# A cute trace inequality

Theorem. If $A$ and $B$ are positive semi-definite matrices then $\mathrm{Tr} (AB)^2 \leq \mathrm{Tr} (A^2 B^2)$

Note that both sides contain the same matrices the same number of times, just in a different order ( $ABAB$ versus $AABB$). Here is a cute proof due to Bellman.

Proof. First, note that $(AB-BA)^2 = (AB)^2 + (BA)^2 - A B^2 A - B A^2 B.$

Next, note that the commutator $AB-BA$ is skew-Hermitian, that is, $(AB-BA)^\dagger = -(AB-BA)$. In other words, $AB-BA = iH$ for some Hermitian matrix $H$. This means that all eigenvalues of $AB-BA$ are purely imaginary. When we square the matrix, they become negative, i.e., $(AB-BA)^2$ is negative semi-definite. From this we get $0 \geq \mathrm{Tr} (AB-BA)^2 = \mathrm{Tr} \Bigl[ (AB)^2 + (BA)^2 - A B^2 A - B A^2 B \Bigr].$

Using the cyclic property of the trace, this simplifies to $0 \geq 2 \mathrm{Tr}(AB)^2 - 2 \mathrm{Tr} (A^2 B^2)$

and we are done.

Here is an interesting open question.

Christmas Conjecture. Let $A$ and $B$ be $n \times n$ density matrices with fixed spectrum: the eigenvalues of $A$ are $\alpha_1 \geq \alpha_2 \geq \dots \geq \alpha_n$ while the eigenvalues of $B$ are $\beta_1 \geq \beta_2 \geq \dots \geq \beta_n$. Then $\max_{A,B} \mathrm{Tr} \Bigl[ AB + A^2 B^2 - (AB)^2 \Bigr] = \sum_{i=1}^n \alpha_i \beta_i.$

where the maximum is over all $A,B$ with the given spectrum.

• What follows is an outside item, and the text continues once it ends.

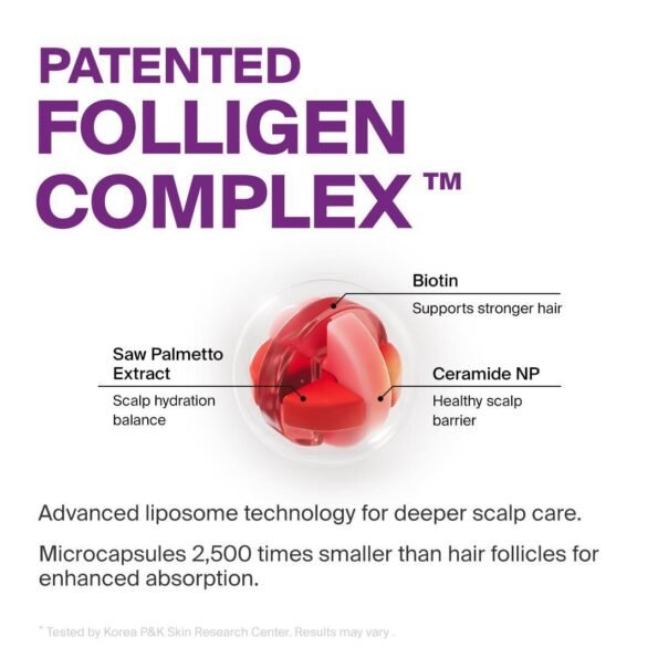 - Folligen Complex for Scalp Care: Our patented Folligen Complex supports scalp strength and elasticity while promoting thicker, fuller-looking hair. With particles 25,000 times smaller than pores, active ingredient absorption is maximized.

If the last two terms $A^2 B^2 - (AB)^2$ would not be there, then showing this would be quite straightforward. Indeed, the left-hand side becomes simply $\max_P \sum_{i,j=1}^n \alpha_i P_{ij} \beta_j$

where the maximum is over doubly-stochastic matrices $P$. By the Birkhoff–von Neumann theorem (see Theorem 13.1 in John Watrous’ lecture notes), the maximal value is achieved when $P$ is a permutation matrix. In fact, by the rearrangement theorem, $P$ must be the identity matrix, in which case the two lists of eigenvalues are sorted in the same order.

However, we are dealing with a slightly more complicated expression in the conjecture. As we just saw above, $\mathrm{Tr} \bigl[ A^2 B^2 - (AB)^2 \bigr] \geq 0$, so the last two terms can only increase the left-hand side and thus make the inequality harder to prove. Nevertheless, I conjecture that this stronger inequality still holds, and I can prove it for $n = 2$.

Update: I recently received an e-mail from Jianxin Chen containing a proof of the Christmas Conjecture!